В то же день задержали Кушелева, его жену Черни и племянника последней Давида Фарберга, проживающего в столице без паспорта. Лица эти давно находились под особым подозрением сыскной полиции, как ведущие преступный образ жизни, не взирая на то, что кушелевское заведение находилось за городом и за ним должны приглядывать уездные полицейские чины. Скупка краденного, укрывательство воров – это самые безобидные из преступлений, в которых можно было бы обвинить семейство, но Иван Дмитриевич намеренно не делал этого, ибо проще держать такое гнездо под присмотром, нежели с его закрытием приобрести несколько новых, о которых необходимо начинать тайное следствие, выявлять действующих лиц, а так, по крайней мере, одной заботой меньше. Допрос Кушелева и жены ничего не дал, как и обыск, произведённый со всей тщательностью, заглядывали не только в каждую бочку с квашенной капустой, но и тонкими железными спицами прощупали подушки и перины, но не нашли ничего.

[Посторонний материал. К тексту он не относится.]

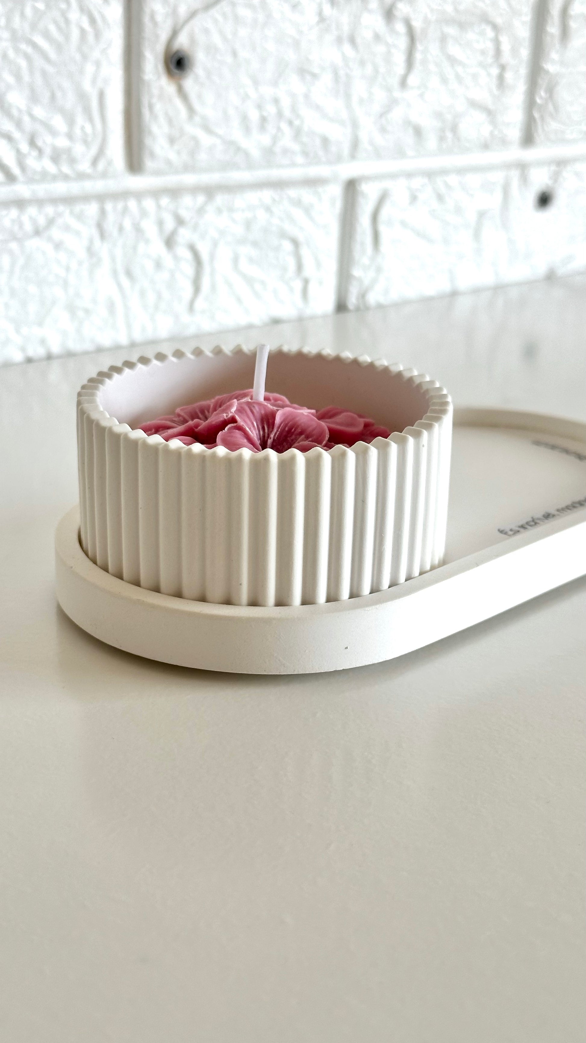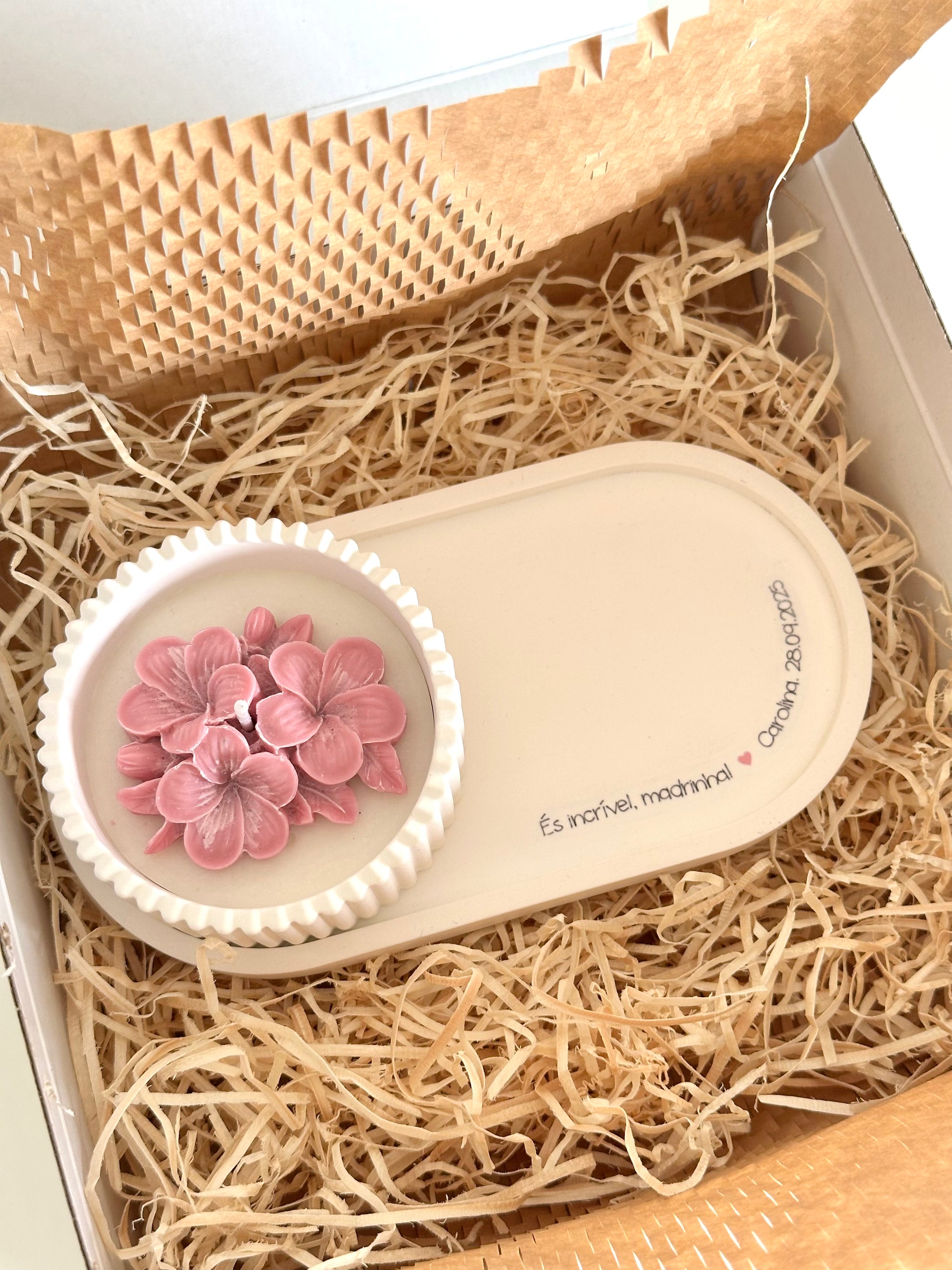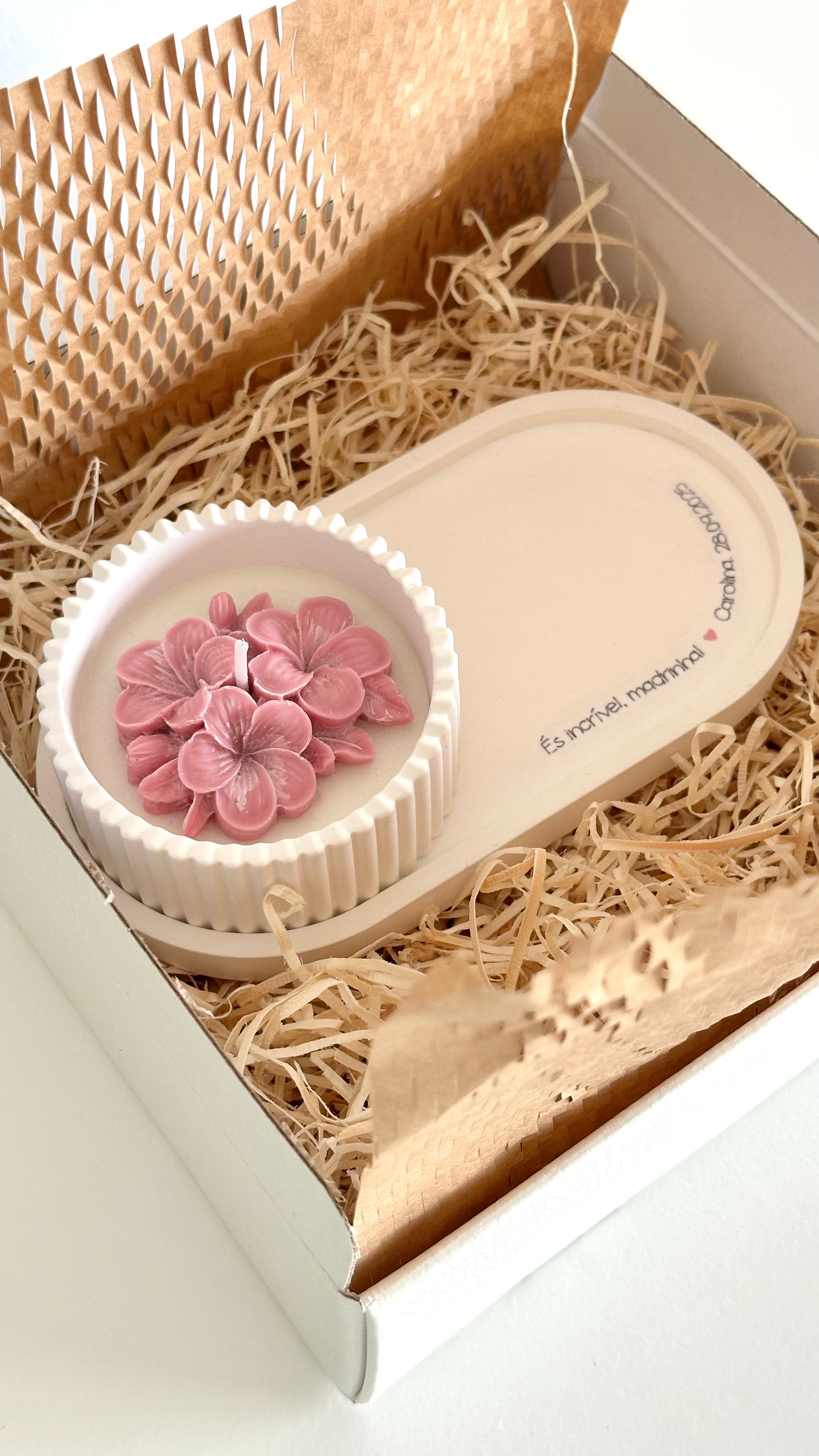 Dentro da caixa, uma bandeja personalizada eterniza o teu agradecimento, e uma taça canelada com vela aromática transforma o instante em pausa e luz.

Хозяина трактира с женой отпустили, а вот допрос Давида Фарберга продолжили и с большим успехом. Он начал говорить, Путилин вёл разговоры с преступниками по ночам, когда никто не смел потревожить, да и время более располагало к откровенности, тем более, что сего молодца давно разыскивали полицейские власти Княжества Финляндского за две кражи в Гельсингфорсе. Иван Дмитриевич выведал и о вдохновителе ограбления артельщика и о том, где сокрыты деньги. В тайнике, который всё—таки располагался во дворе трактира, было найдено двадцать тысяч рублей, остальные деньги, как и организатор, испарились, словно их не было никогда на белом свете.
Сколько преступлений прошло незамеченными мог рассказать только Николай, да и то, если сам не потерял счёт. Удачливость была в крови у Барбазанова, так ни разу не попавшему в руки вновь созданной сыскной полиции. Вот и хотелось Ивану Дмитриевичу, наконец, познакомиться со счастливчиком, который имел волчье чутьё, а может, хороших информаторов, вовремя приносивших предостережения.
Сейчас наступила минута, которую ни в коем разе нельзя было упускать, ведь второго такого случая можно и не дождаться. Ещё в начале зимы до ушей Путилина дошла весть, что Барбазанов решил сменить не только столицу, но и отечество, захотел, видимо, на покой. Хотя такие деятельные особы никогда не прекращают преступной деятельности. Им нравится ходить по острию ножа, будоража себя и других, но здесь можно отдать должное Николаю, он никогда не искал такого рода популярности, всегда оставался за страницами газет и книг.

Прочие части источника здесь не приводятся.